WORK ORDER: From the first line of the listing below to the line with "Selection of container", print each line exactly, and nothing more. Leave out the pictures.

[Opening RECORDS FOR THIS EXERCISE section]

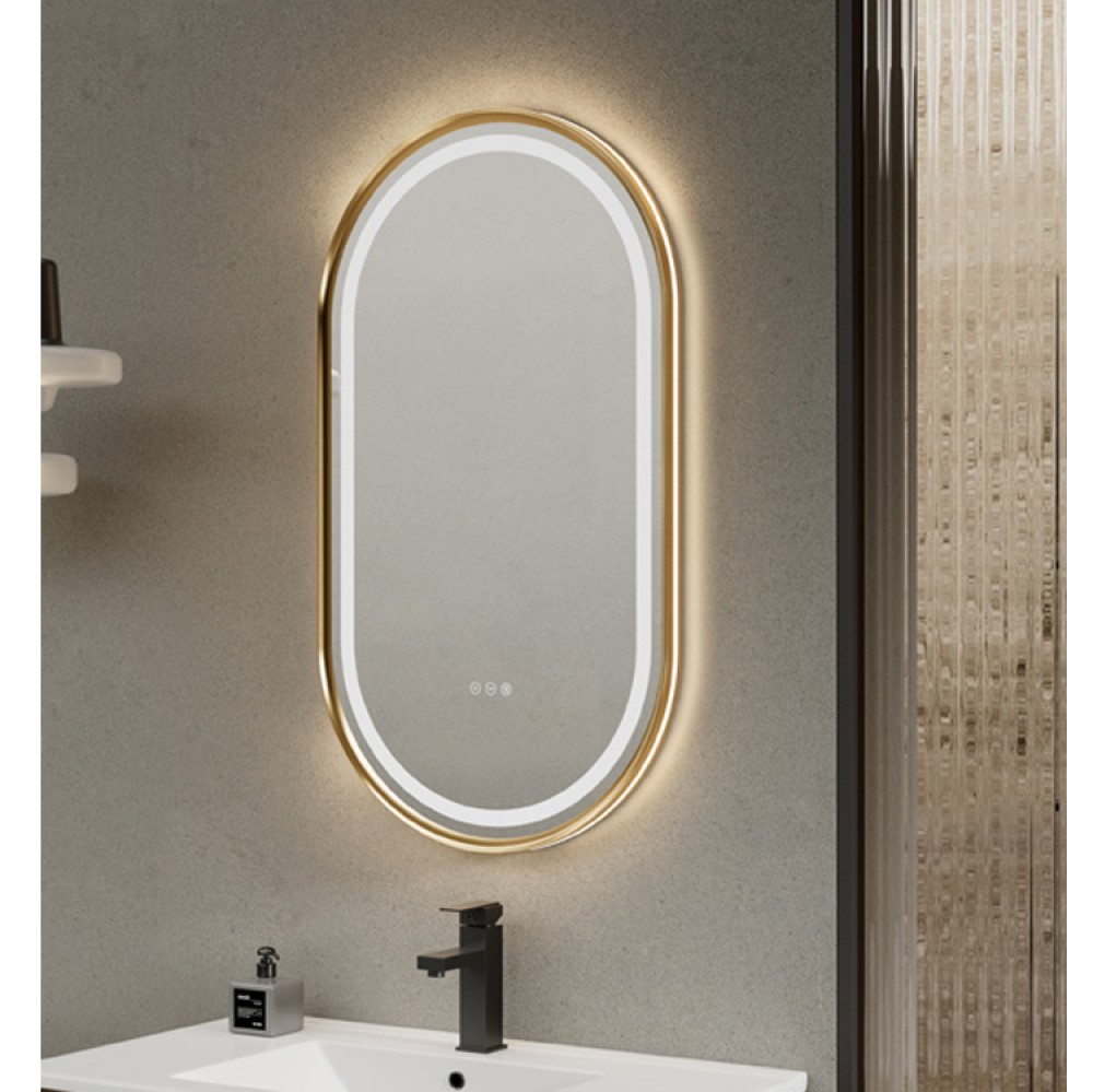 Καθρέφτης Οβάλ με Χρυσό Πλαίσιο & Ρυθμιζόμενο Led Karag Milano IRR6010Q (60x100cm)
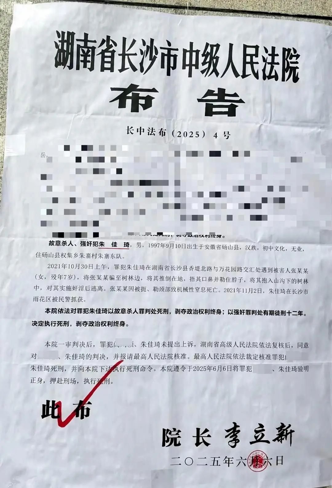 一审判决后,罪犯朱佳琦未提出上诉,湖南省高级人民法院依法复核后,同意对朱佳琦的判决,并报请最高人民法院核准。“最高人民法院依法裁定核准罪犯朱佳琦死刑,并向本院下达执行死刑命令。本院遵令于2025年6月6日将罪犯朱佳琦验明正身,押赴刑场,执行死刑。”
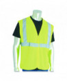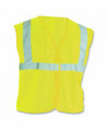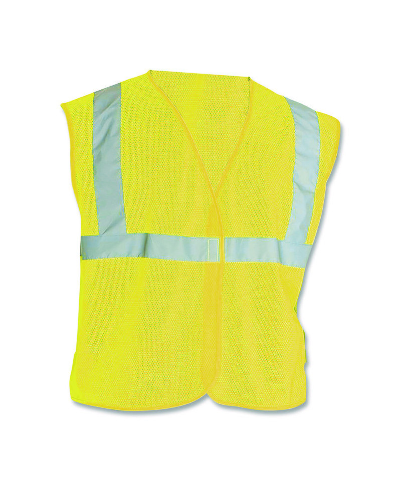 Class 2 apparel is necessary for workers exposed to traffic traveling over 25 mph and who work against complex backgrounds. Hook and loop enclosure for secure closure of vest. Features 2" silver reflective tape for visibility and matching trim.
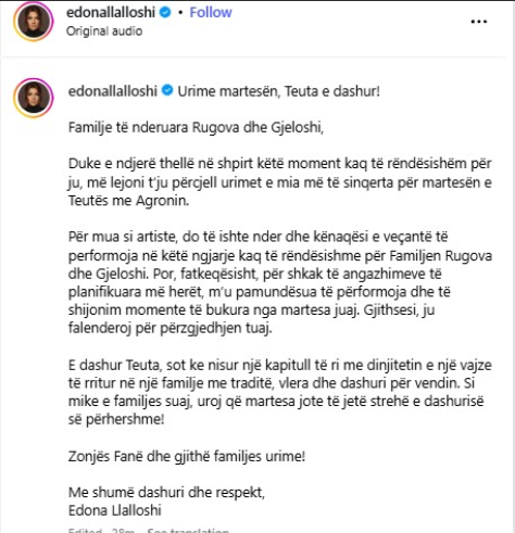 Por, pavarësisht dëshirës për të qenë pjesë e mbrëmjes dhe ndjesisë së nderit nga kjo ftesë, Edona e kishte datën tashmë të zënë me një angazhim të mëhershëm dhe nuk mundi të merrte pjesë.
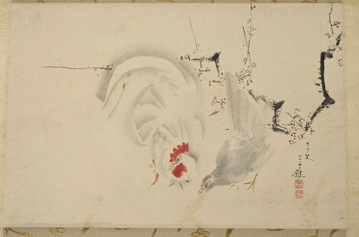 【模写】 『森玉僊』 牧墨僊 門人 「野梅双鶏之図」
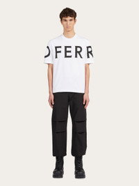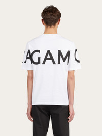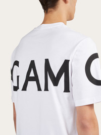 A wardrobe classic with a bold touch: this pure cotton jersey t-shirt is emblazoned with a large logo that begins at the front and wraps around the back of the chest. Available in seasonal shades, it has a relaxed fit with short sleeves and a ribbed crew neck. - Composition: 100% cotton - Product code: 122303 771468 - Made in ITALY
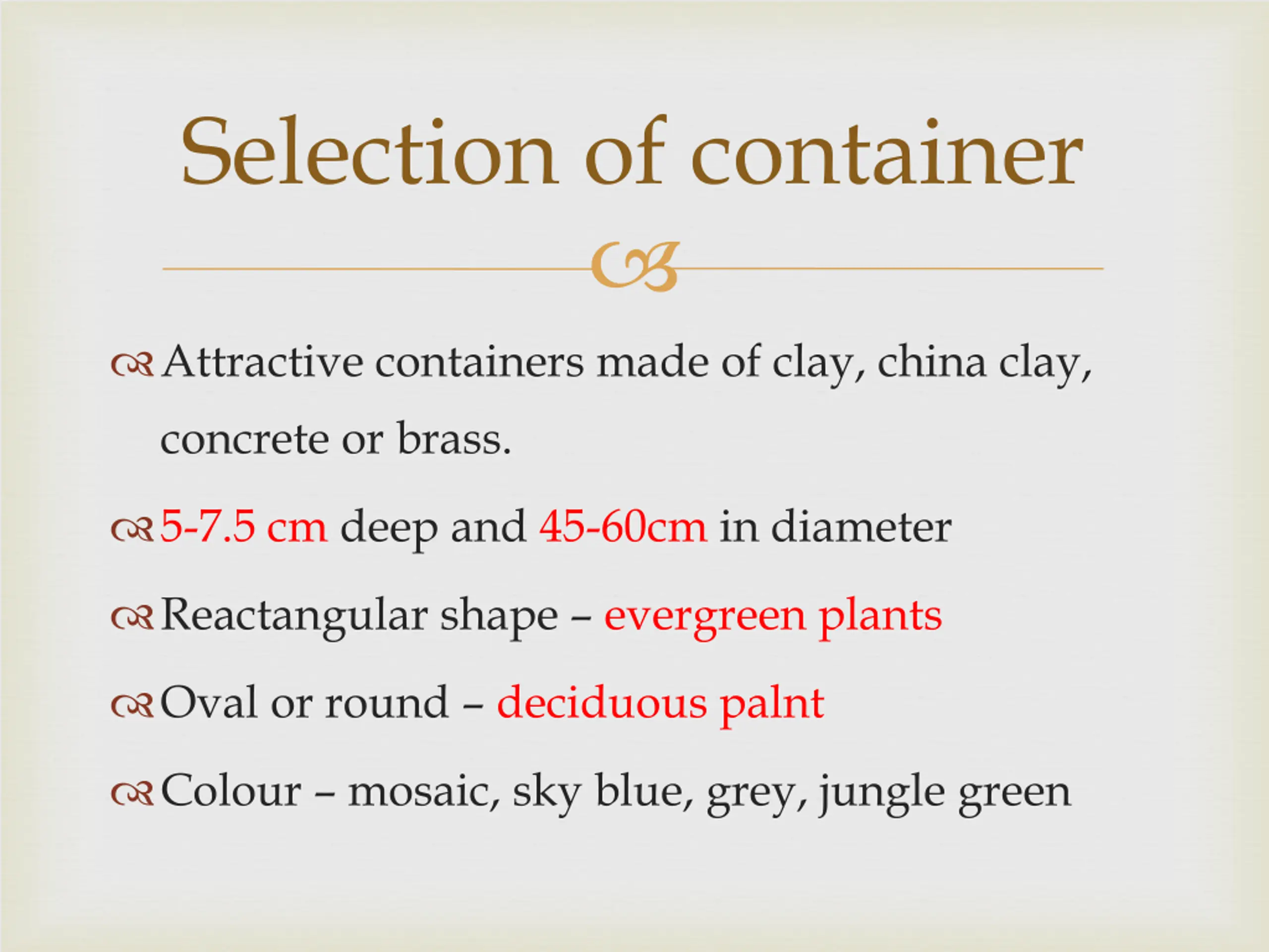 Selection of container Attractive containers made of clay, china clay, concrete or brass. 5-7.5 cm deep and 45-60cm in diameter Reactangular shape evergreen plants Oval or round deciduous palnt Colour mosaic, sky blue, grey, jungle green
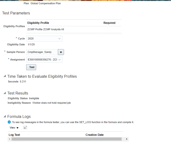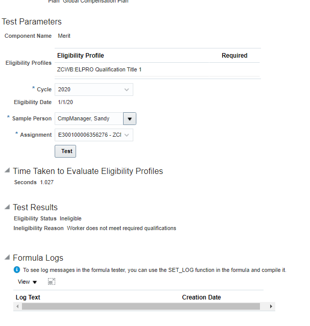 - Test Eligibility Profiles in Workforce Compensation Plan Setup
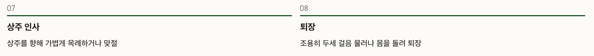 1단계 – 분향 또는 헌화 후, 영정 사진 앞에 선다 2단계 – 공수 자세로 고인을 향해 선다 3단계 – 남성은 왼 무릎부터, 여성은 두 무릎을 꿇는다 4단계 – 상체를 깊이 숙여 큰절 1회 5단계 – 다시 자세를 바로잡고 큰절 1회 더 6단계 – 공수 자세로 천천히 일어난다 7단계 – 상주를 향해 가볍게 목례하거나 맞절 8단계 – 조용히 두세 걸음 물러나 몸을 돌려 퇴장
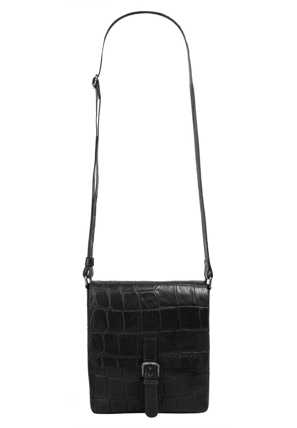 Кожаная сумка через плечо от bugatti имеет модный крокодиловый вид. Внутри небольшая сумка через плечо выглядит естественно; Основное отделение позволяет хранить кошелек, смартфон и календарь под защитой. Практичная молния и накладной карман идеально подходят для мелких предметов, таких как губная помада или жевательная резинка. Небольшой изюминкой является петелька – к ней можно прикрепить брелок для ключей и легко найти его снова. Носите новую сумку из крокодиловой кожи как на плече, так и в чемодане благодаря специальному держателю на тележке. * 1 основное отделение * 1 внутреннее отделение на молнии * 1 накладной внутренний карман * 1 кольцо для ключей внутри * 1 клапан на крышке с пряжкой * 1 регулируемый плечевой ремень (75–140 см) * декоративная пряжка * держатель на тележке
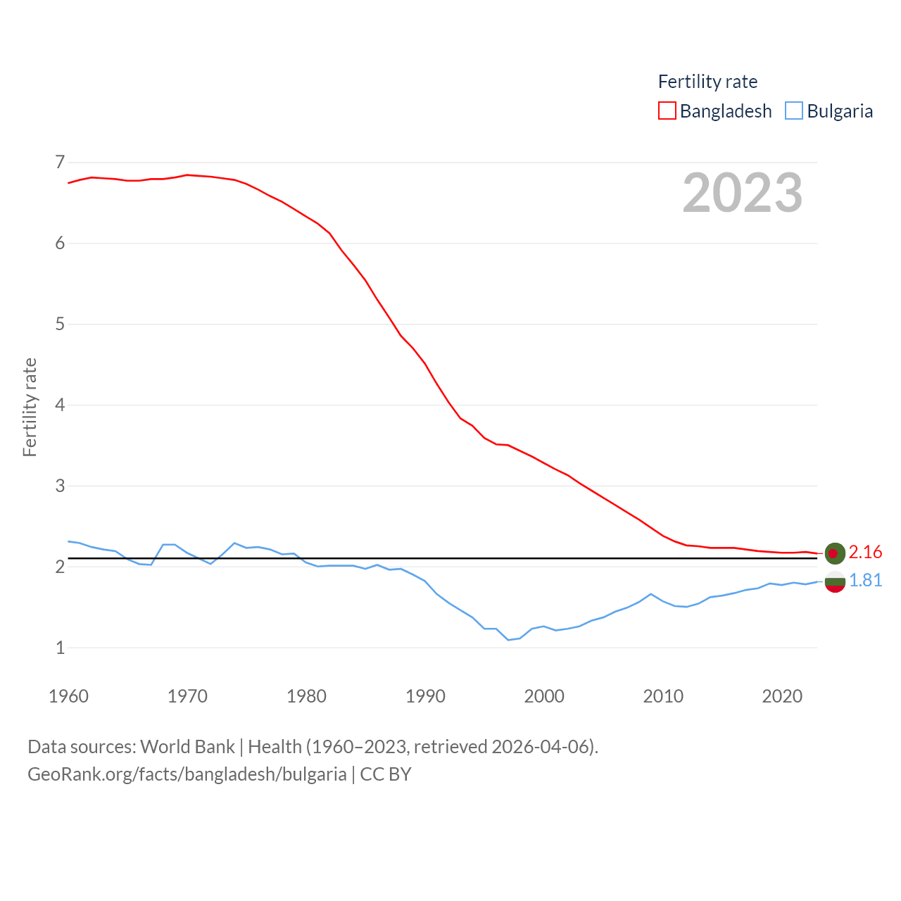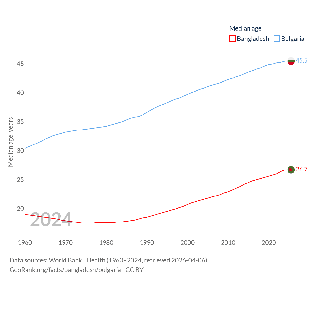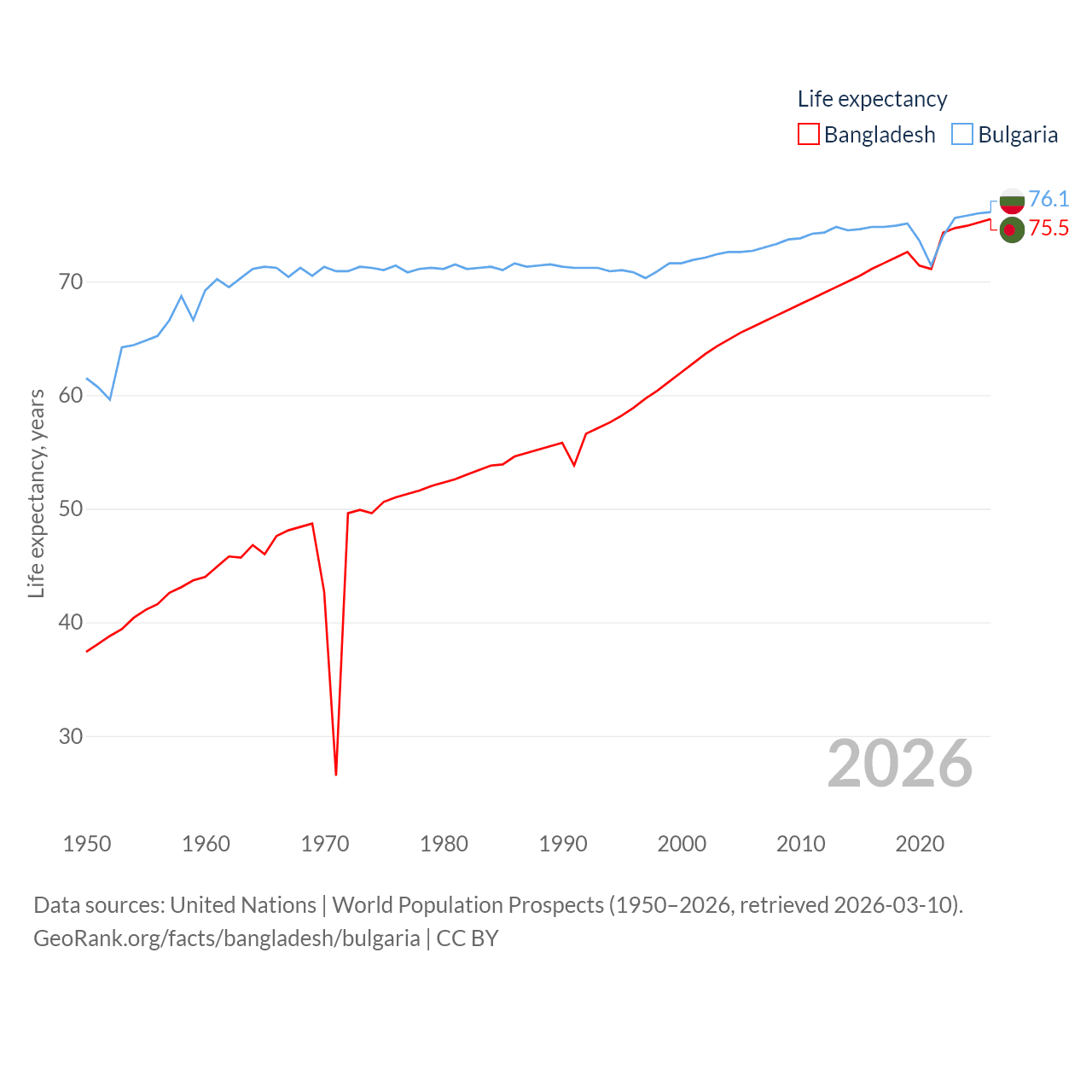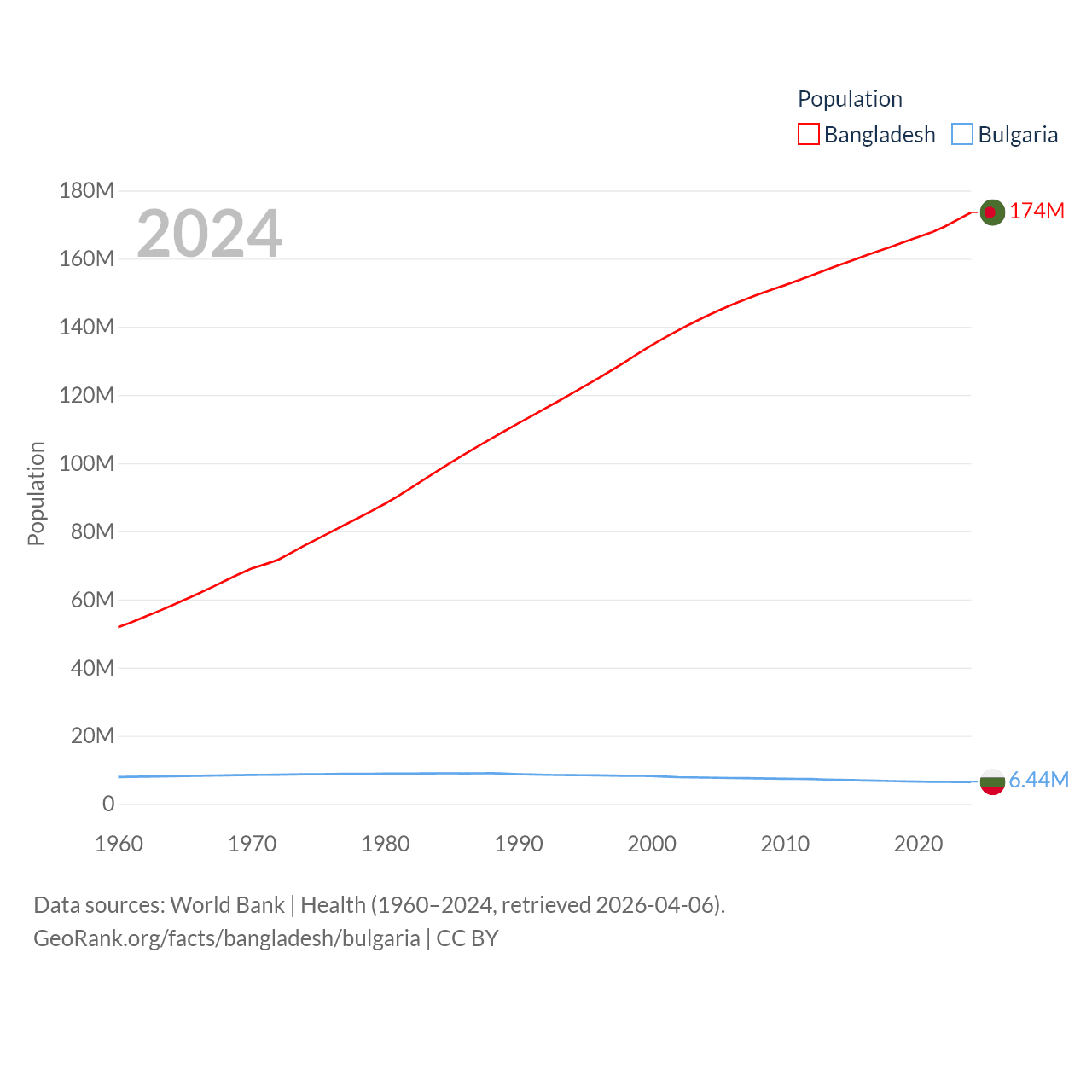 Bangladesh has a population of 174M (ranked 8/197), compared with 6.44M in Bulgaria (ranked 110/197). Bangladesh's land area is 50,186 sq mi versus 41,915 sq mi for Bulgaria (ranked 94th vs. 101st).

[Closing RECORDS FOR THIS EXERCISE section]

ANSWER FOR THE TASK:
 Καθρέφτης Οβάλ με Χρυσό Πλαίσιο & Ρυθμιζόμενο Led Karag Milano IRR6010Q (60x100cm)
 一审判决后,罪犯朱佳琦未提出上诉,湖南省高级人民法院依法复核后,同意对朱佳琦的判决,并报请最高人民法院核准。“最高人民法院依法裁定核准罪犯朱佳琦死刑,并向本院下达执行死刑命令。本院遵令于2025年6月6日将罪犯朱佳琦验明正身,押赴刑场,执行死刑。”
 Class 2 apparel is necessary for workers exposed to traffic traveling over 25 mph and who work against complex backgrounds. Hook and loop enclosure for secure closure of vest. Features 2" silver reflective tape for visibility and matching trim.
 Por, pavarësisht dëshirës për të qenë pjesë e mbrëmjes dhe ndjesisë së nderit nga kjo ftesë, Edona e kishte datën tashmë të zënë me një angazhim të mëhershëm dhe nuk mundi të merrte pjesë.
 【模写】 『森玉僊』 牧墨僊 門人 「野梅双鶏之図」
 A wardrobe classic with a bold touch: this pure cotton jersey t-shirt is emblazoned with a large logo that begins at the front and wraps around the back of the chest. Available in seasonal shades, it has a relaxed fit with short sleeves and a ribbed crew neck. - Composition: 100% cotton - Product code: 122303 771468 - Made in ITALY
 Selection of container Attractive containers made of clay, china clay, concrete or brass. 5-7.5 cm deep and 45-60cm in diameter Reactangular shape evergreen plants Oval or round deciduous palnt Colour mosaic, sky blue, grey, jungle green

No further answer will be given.